Bir Hatıranın Rüzgârı

İnsan bazen bir manzaraya bakar, bir karesine takılır ve o karede kendi hikâyesini görür. Bir fincan kahve, yarım bardak su gibi. Suyun üzerinde dans eden rüzgâr dalgaları sanki zamanın kıyısında unutulmuş sahne. Adeta yara izi gibi taşıdığımız özlemi anlatır. İnsan gizemli varlık işte. Yolculuğu boyunca kaybettiği şeyi arar. Belki kendini, belki başka bir şeyi. Çünkü özlem, tam olarak “orada ve o zaman”a ait değildir. O, sürekli “şimdi ve burada” yeniden doğar. Tıpkı rüzgârın suda yarattığı halkalar gibi. Merkezden başlayıp, sonsuza yayılır.

Gözlerin pencereden sarktığı köşe, geçmişin sureti gibidir. İçindeki göz, dışarıdakinden daha meraklıdır. Gözünüzün dalıp gittiği o manzara, belki de bir vedanın sessiz tanığıdır. Kahvenin sıcaklığı buharlaşıp gitmiş, geriye sadece acısı kalmıştır. Bardaktaki su, yarım bırakılmış cümlenin son noktası gibidir. Bir tür bekleyişi yahut isyan halini andırır. Rüzgârın dokunuşuyla küller savrulur. Tıpkı hafızamızda uçuşan anılar gibi. Her dalga, kıyıya vurdukça “keşke”lerin inkisarını taşır. Özlemek, hatırlamaktan ağırdır çünkü.

Anlık hatıranın bıraktığı iz, zamanla nasıl bir yaraya dönüşür? Belki de en derin yaralar, en kısa anlarda açılır. Vedaların ilk adımıyla, duygunun sıcaklığı giderek soğuyan bir yaz akşamına dönüşür. Belki de hayat, bize böyle sahneler sunarak kendi geçiciliğimizi hatırlatıyor. Rüzgâr esiyor, suyun yüzünü buruşturuyor, ateşin dumanını dağıtıyor. Seninle “öteki”nin arasındaki mesafe ölçülüyor. Bazen bitmemiş diyalogların simgesi. Bazen ise rüzgârın sesi geçmişle bugün arasında gidip gelen mektup taşıyıcısı postacı gibi. Peki ya dalgalar? Onlar da “belki bir gün” diye fısıldıyor.

Çünkü özlem, en çok bir anın içine sıkışmış sonsuzlukla beslenir. Tam da bu noktada eksik olanın yerini doldurmaya çalışan melankolidir özlemek. Her seferinde biraz daha soluklaşsa da o anıyı yeniden yaşamaktır. Çünkü o, ait olma arzusundan daha çok, anılara tutunma çabasıdır.

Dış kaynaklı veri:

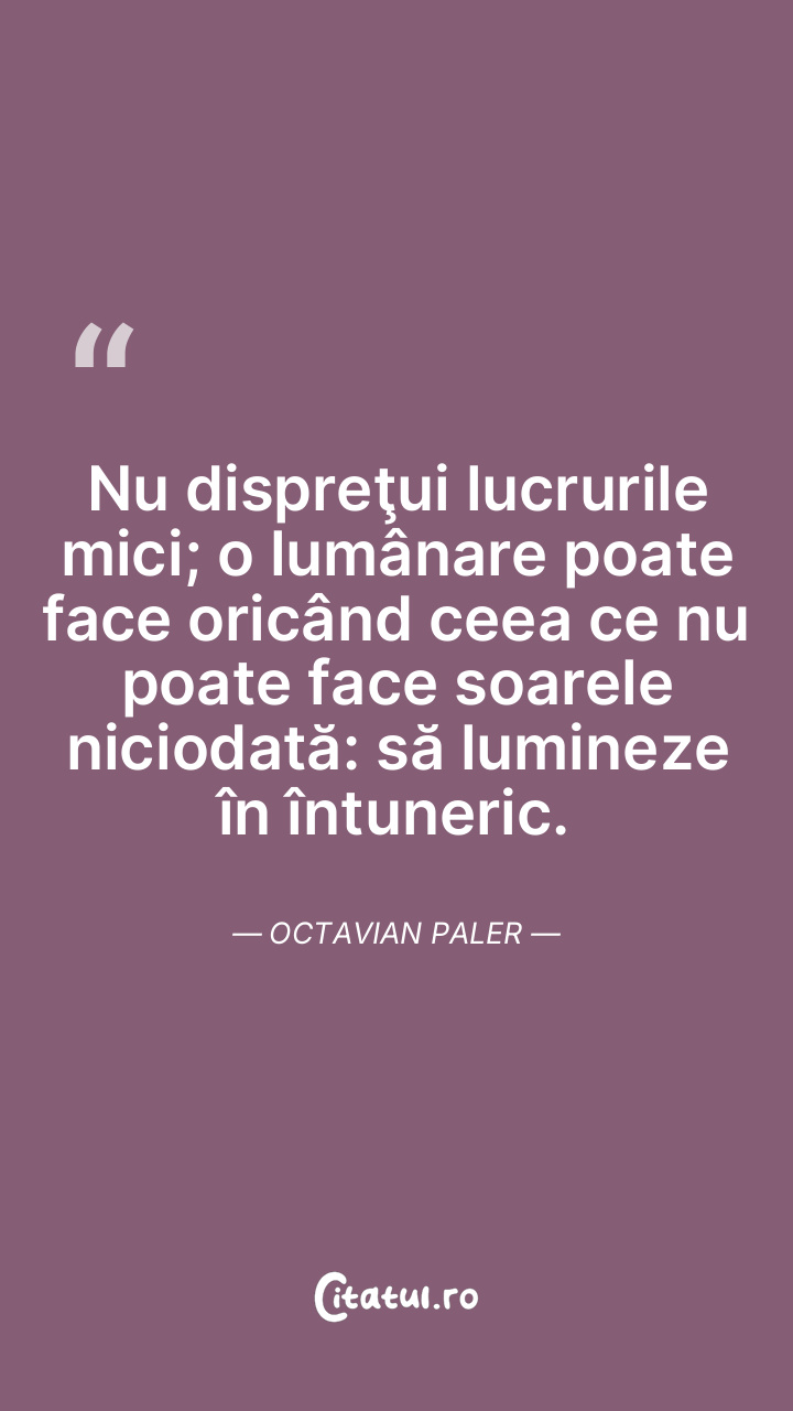 Nu dispreţui lucrurile mici; o lumânare poate face oricând ceea ce nu poate face soarele niciodată: să lumineze în întuneric. Octavian Paler

Özlemek, bazen bir ıslık gibi sokak aralarına siner. Rüzgâr eser, bildik, tanıdık bir koku çarpar yüzünüze. Kısa süren, saniyelik dalgınlık… Sonra içinizi yoklayan sızı. İşte orada, anıların mahzeni. Tozlu, küflü, zamanın eğip büktüğü anılar. Ama hâlâ ayakta, hâlâ dipdiri. İnsan, unutmaz. Sadece unuttuğuna inanır.

Silinmeyen bir iz, bitmeyen bir şiirdir hatıraların rüzgarındaki özlemler…

Bir Hatıranın Rüzgârı

Yorumlar kapalı.

Giriş Yap

Açıksöz Gazetesi ayrıcalıklarından yararlanmak için hemen giriş yapın veya hesap oluşturun, üstelik tamamen ücretsiz!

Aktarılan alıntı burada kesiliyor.